◆ **The task**: Below are some entries. Transcribe the lines from the one holding "Łącznik hotelowy, srebrne" to the one holding "Масаинов, А. Отходящие", inclusive, but not the pictures among them.

◆ **Record extracts**:

== Segment start ==

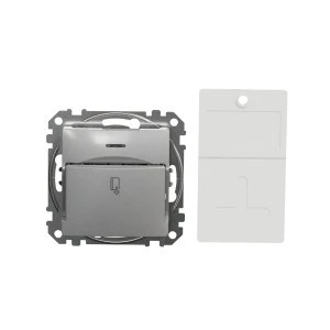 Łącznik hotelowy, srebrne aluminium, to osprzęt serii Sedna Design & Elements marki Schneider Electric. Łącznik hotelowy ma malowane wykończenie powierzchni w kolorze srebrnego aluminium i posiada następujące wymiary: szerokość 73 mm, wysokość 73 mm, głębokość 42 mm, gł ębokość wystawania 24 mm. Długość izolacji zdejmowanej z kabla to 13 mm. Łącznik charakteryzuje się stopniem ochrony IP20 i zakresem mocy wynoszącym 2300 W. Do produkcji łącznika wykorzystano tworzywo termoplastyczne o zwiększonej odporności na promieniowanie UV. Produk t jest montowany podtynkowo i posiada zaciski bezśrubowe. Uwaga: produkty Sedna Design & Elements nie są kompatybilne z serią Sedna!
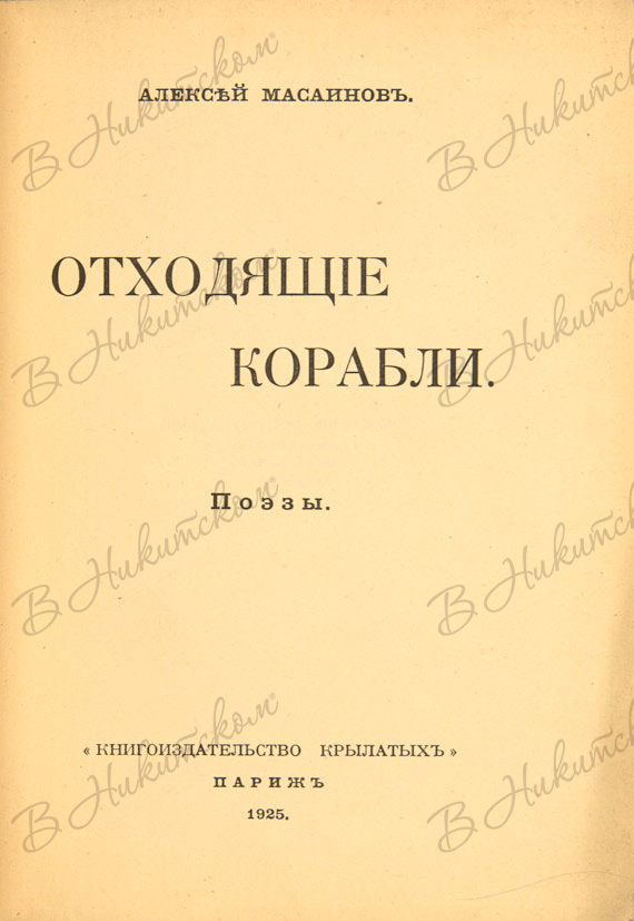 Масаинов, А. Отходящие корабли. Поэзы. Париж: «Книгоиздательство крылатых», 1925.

== Segment end ==
== Segment start ==

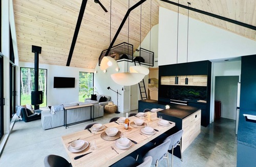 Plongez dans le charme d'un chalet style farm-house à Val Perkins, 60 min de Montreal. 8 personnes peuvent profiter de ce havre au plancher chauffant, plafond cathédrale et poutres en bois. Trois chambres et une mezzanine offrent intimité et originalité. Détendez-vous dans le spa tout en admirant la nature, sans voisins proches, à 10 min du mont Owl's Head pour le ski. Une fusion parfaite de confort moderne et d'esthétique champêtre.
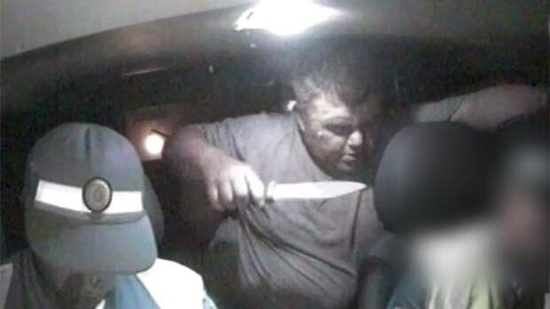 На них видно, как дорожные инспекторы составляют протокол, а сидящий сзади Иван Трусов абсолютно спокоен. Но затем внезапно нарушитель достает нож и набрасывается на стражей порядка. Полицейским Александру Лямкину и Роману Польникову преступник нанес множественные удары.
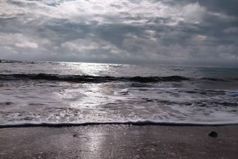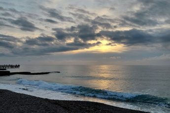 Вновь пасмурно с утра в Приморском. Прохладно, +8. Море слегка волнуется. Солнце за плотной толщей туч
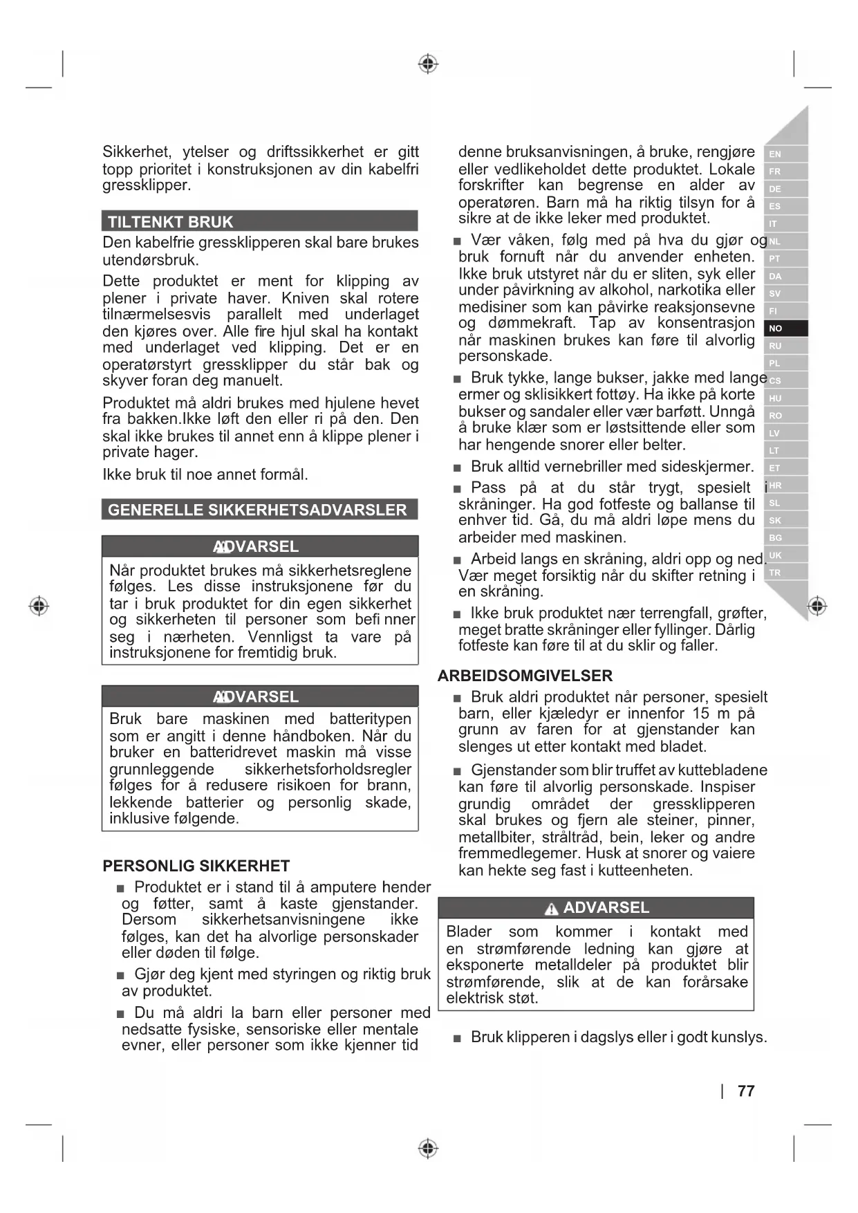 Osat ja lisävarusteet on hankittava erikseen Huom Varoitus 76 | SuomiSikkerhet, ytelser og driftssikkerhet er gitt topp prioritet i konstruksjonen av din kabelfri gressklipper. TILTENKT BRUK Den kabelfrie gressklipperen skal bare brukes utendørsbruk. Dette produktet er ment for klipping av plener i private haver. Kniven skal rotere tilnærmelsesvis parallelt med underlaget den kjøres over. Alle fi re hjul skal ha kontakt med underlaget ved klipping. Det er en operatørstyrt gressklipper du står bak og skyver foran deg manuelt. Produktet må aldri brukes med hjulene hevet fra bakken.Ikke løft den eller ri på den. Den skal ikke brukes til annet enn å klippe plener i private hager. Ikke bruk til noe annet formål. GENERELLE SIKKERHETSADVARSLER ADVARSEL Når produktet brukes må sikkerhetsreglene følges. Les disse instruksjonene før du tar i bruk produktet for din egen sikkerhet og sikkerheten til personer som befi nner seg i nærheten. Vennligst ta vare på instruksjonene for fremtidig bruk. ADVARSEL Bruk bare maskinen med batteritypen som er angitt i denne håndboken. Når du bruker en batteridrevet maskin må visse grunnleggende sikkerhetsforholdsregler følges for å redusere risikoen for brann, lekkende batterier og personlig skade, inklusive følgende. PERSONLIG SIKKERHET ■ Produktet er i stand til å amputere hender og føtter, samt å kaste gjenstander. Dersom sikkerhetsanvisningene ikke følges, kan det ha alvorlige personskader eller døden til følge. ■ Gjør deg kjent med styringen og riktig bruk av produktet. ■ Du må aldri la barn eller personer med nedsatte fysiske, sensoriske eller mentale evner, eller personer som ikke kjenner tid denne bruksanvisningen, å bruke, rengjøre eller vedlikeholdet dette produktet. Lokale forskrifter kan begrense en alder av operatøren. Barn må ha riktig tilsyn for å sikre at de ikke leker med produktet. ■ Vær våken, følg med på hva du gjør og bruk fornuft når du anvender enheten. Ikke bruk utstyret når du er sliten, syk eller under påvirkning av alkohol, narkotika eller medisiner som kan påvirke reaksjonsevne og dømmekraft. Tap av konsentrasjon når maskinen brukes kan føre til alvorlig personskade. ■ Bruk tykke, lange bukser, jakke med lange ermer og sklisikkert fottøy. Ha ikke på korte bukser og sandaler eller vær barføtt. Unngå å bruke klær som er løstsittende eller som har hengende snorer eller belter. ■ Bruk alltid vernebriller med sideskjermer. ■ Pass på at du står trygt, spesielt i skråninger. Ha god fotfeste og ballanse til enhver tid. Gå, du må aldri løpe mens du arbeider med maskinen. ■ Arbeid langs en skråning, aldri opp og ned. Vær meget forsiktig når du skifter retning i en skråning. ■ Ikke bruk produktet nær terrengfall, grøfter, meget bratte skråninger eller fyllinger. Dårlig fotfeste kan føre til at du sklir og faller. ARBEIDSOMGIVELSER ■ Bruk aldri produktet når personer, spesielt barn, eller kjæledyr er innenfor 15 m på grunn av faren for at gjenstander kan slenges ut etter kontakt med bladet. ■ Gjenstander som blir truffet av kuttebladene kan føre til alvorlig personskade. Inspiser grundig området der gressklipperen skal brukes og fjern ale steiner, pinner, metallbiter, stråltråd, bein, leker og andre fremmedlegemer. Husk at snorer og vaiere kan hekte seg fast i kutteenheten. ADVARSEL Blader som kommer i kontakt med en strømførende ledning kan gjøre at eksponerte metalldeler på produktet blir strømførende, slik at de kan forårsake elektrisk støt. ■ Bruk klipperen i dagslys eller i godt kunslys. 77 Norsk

== Segment end ==
== Segment start ==

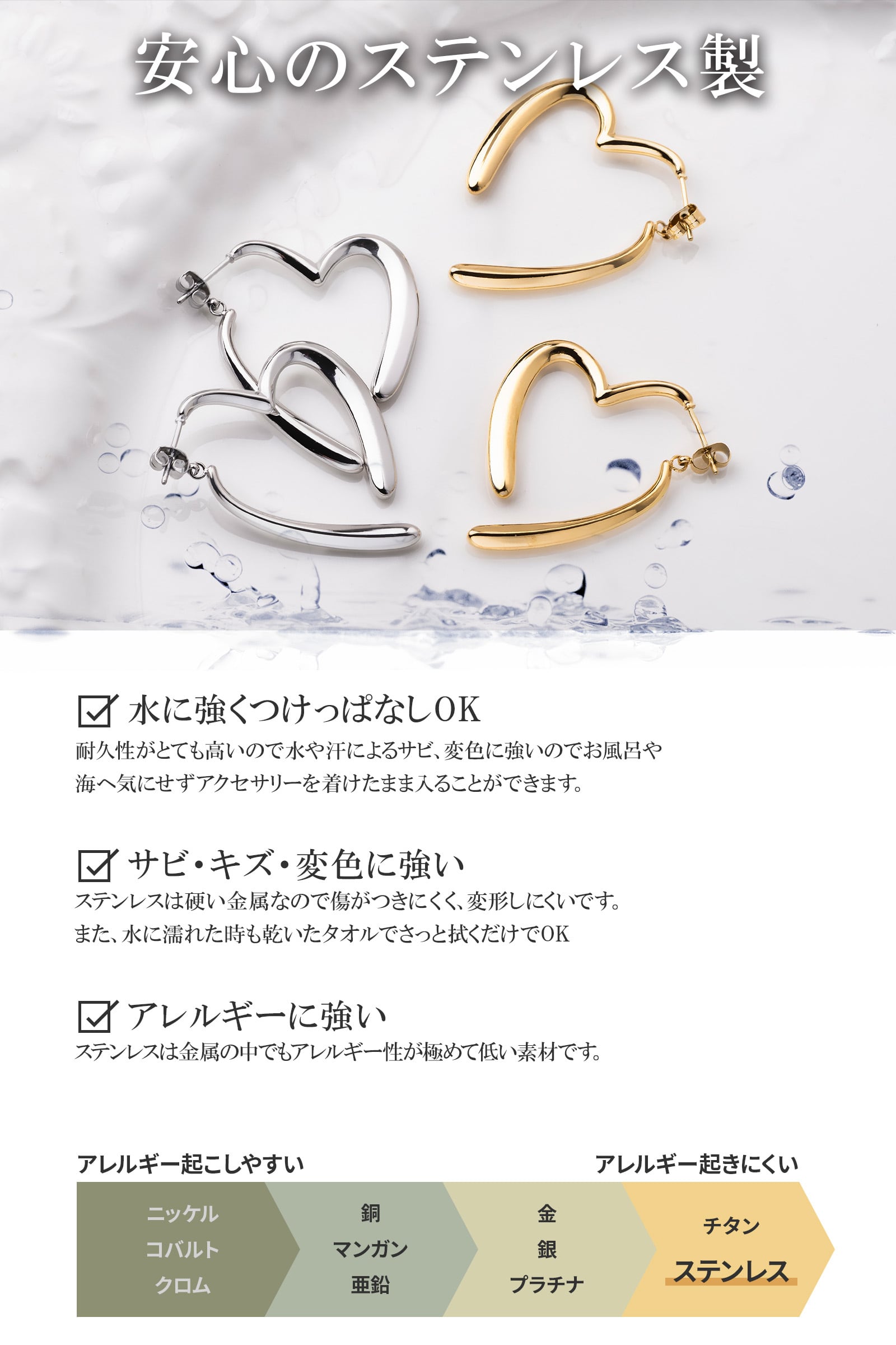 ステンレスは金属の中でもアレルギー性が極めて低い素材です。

== Segment end ==

◆ **Task response**:
 Łącznik hotelowy, srebrne aluminium, to osprzęt serii Sedna Design & Elements marki Schneider Electric. Łącznik hotelowy ma malowane wykończenie powierzchni w kolorze srebrnego aluminium i posiada następujące wymiary: szerokość 73 mm, wysokość 73 mm, głębokość 42 mm, gł ębokość wystawania 24 mm. Długość izolacji zdejmowanej z kabla to 13 mm. Łącznik charakteryzuje się stopniem ochrony IP20 i zakresem mocy wynoszącym 2300 W. Do produkcji łącznika wykorzystano tworzywo termoplastyczne o zwiększonej odporności na promieniowanie UV. Produk t jest montowany podtynkowo i posiada zaciski bezśrubowe. Uwaga: produkty Sedna Design & Elements nie są kompatybilne z serią Sedna!
 Масаинов, А. Отходящие корабли. Поэзы. Париж: «Книгоиздательство крылатых», 1925.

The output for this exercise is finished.